• _Task requirements_:
The entries below are to be repeated exactly, with the pictures left out.

• _Stored items from a collection_:
================================

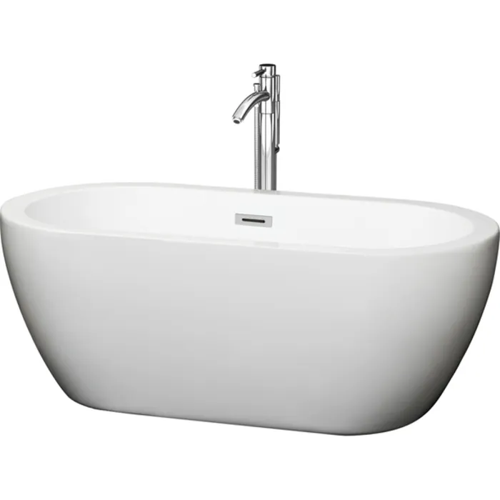 Wyndham Collection WCOBT100260ATP11PC 60 In. Center Drain Soaking Tub In White With Floor Mounted Faucet In Chrome
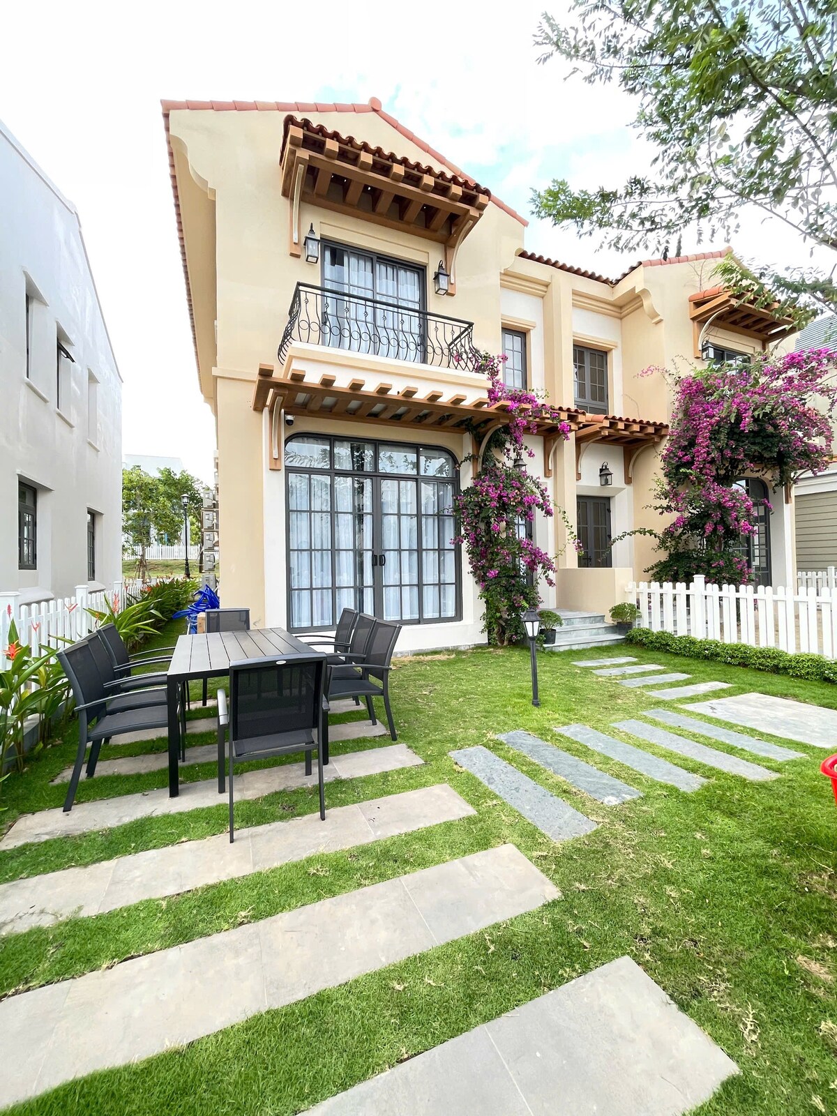 盡情享受您在 NovaWorld Phan Thiet 這棟豪華 3 臥室別墅的住宿體驗,非常適合家庭和一群好友入住。 每個房間都有自己的獨立浴室,確保隱私和舒適。 設備齊全的別墅:廚房(提供香料)、電視、微波爐、洗衣機、烘乾機、熨斗。 寬敞的花園,配備室外家具和燒烤設備。 位置便利:對面有游泳池和兒童遊樂區,搭乘電車 4 分鐘即可抵達海灘,附近有餐廳、咖啡店和便利商店。
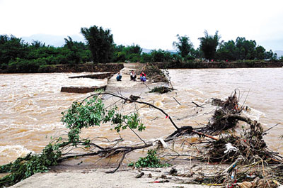 6日下午18時左右,位于乳源境內(nèi)的國道323線K426+360處大型涵洞被洪水沖毀,造成路面出現(xiàn)一個14.5米深的大洞,被毀路基長90米、路面1000平方米、擋土墻2500立方米,致使交通完全中斷。公路部門已在現(xiàn)場設(shè)置了安全警示標志,并在可繞行路口設(shè)置指示標牌,安排人員疏導(dǎo)過往車輛改道行駛。搶險隊經(jīng)研究決定:先在該路段被沖毀的橋涵缺口旁埋設(shè)一條約2米長的涵管,并力爭用三天時間完成便道的鋪設(shè)工作,解決暫時的通車問題;待洪水過后,再在損毀路段新架一座橋梁徹底解決此處通車問題。
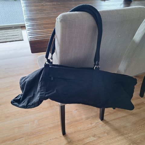Brun, helt nye yogabag, laget i India, 100% bomull. Praktisk lomme på innsiden, lukkes på korte enden med snor. Blomsterbroding på utsiden.
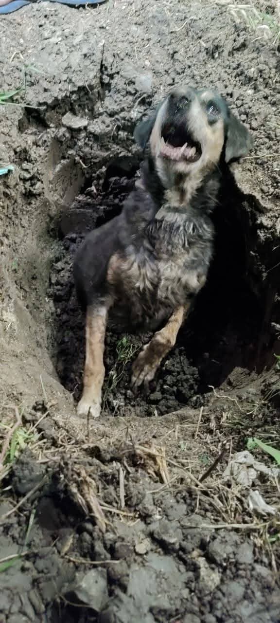 Tras el aviso de una vecina, una dotación acudió al lugar donde constató que un perro se encontraba atrapado dentro de un pozo de tierra, observando únicamente su cabeza.
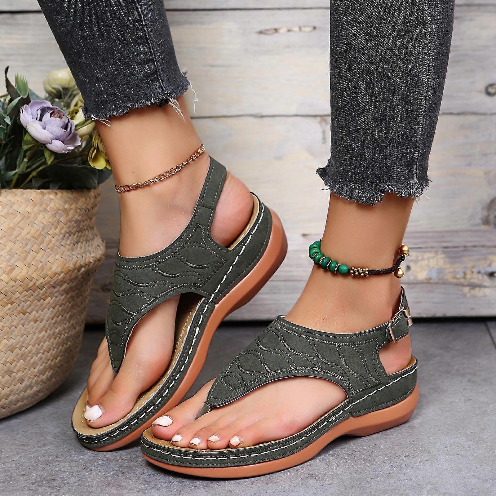 Womens Sandals Summer Ladies Flip-Flops Wedge Heel Slippers Sandals Casual Flip Flops Women's Shoes Wedge Sandals for Women Green 42
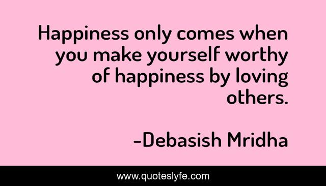 This page presents the quote "Happiness only comes when you make yourself worthy of happiness by loving others.". Author of this quote is Debasish Mridha. This quote is about philosophy, debasish-mridha, how-to-be-happy, quotes, loving-others, inspirational, enthusiasm, debasish-mridha-m-d, happiness,.

================================

• _Response for this exercise_:
 Wyndham Collection WCOBT100260ATP11PC 60 In. Center Drain Soaking Tub In White With Floor Mounted Faucet In Chrome
 盡情享受您在 NovaWorld Phan Thiet 這棟豪華 3 臥室別墅的住宿體驗,非常適合家庭和一群好友入住。 每個房間都有自己的獨立浴室,確保隱私和舒適。 設備齊全的別墅:廚房(提供香料)、電視、微波爐、洗衣機、烘乾機、熨斗。 寬敞的花園,配備室外家具和燒烤設備。 位置便利:對面有游泳池和兒童遊樂區,搭乘電車 4 分鐘即可抵達海灘,附近有餐廳、咖啡店和便利商店。
 6日下午18時左右,位于乳源境內(nèi)的國道323線K426+360處大型涵洞被洪水沖毀,造成路面出現(xiàn)一個14.5米深的大洞,被毀路基長90米、路面1000平方米、擋土墻2500立方米,致使交通完全中斷。公路部門已在現(xiàn)場設(shè)置了安全警示標志,并在可繞行路口設(shè)置指示標牌,安排人員疏導(dǎo)過往車輛改道行駛。搶險隊經(jīng)研究決定:先在該路段被沖毀的橋涵缺口旁埋設(shè)一條約2米長的涵管,并力爭用三天時間完成便道的鋪設(shè)工作,解決暫時的通車問題;待洪水過后,再在損毀路段新架一座橋梁徹底解決此處通車問題。
Brun, helt nye yogabag, laget i India, 100% bomull. Praktisk lomme på innsiden, lukkes på korte enden med snor. Blomsterbroding på utsiden.
 Tras el aviso de una vecina, una dotación acudió al lugar donde constató que un perro se encontraba atrapado dentro de un pozo de tierra, observando únicamente su cabeza.
 Womens Sandals Summer Ladies Flip-Flops Wedge Heel Slippers Sandals Casual Flip Flops Women's Shoes Wedge Sandals for Women Green 42
 This page presents the quote "Happiness only comes when you make yourself worthy of happiness by loving others.". Author of this quote is Debasish Mridha. This quote is about philosophy, debasish-mridha, how-to-be-happy, quotes, loving-others, inspirational, enthusiasm, debasish-mridha-m-d, happiness,.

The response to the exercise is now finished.